By the end of this lecture, you will be able to:

Explain what conjugacy means and why it is useful
Apply the Beta–Binomial, Gamma–Poisson, and Normal–Normal update rules
Choose a prior using effective sample size, moment matching, or a prior predictive check
Run a prior sensitivity analysis in R

Recommended Reading: Bayes Rules! Chapter 5. Suggested exercises (worked solutions available): 5.1, 5.2, 5.3, 5.7, 5.8, 5.9, 5.10.

Conjugate Models (Ch. 5)

What Is Conjugacy?

\[f(\theta \mid y) \;\propto\; f(\theta) \cdot L(y \mid \theta)\]

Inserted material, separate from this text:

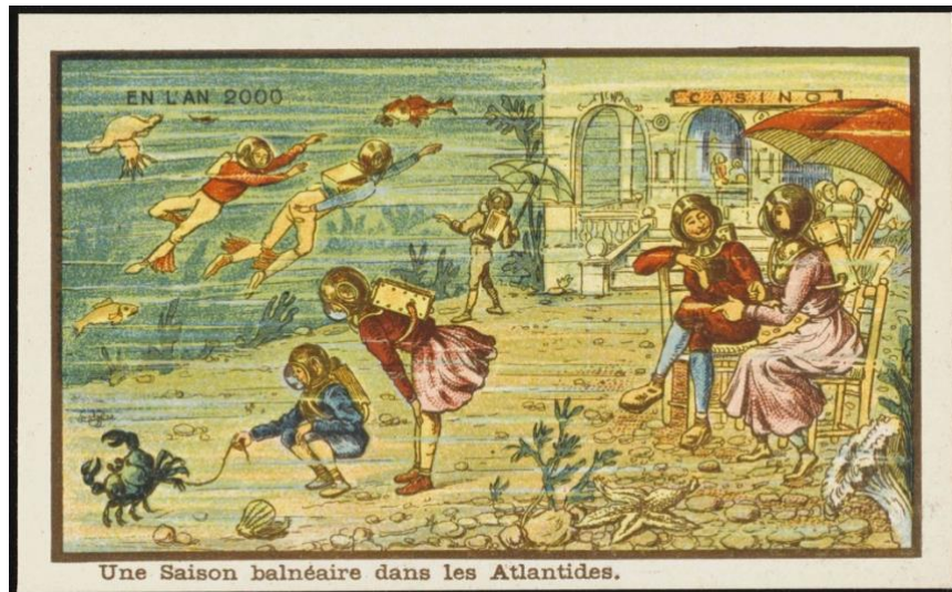
PIERRE SAUVAGEOT. Water music.

A conjugate prior is one where the posterior belongs to the same distributional family as the prior — the hyperparameters simply absorb the data.

Advantage	Why it matters
Closed-form posterior	No numerical integration needed
Transparent update	Hyperparameters = prior pseudo-data
Easy sensitivity analysis	Just change hyperparameters

The Beta–Binomial Model

Research Context

A digital CBT app is evaluated. What proportion \(\theta\) of patients show meaningful improvement?

\(\theta \in [0,1]\): probability of improvement
\(Y \mid \theta \sim \text{Binomial}(n, \theta)\)
Prior: \(\theta \sim \text{Beta}(\alpha, \beta)\)

Prior literature suggests ~60% success. A pilot of 20 gives: \(\alpha = 12\), \(\beta = 8\) (ESS = 20, mean = 0.60).

The Update Rule

\[\theta \sim \text{Beta}(\alpha, \beta) \qquad Y \mid \theta \sim \text{Bin}(n, \theta)\]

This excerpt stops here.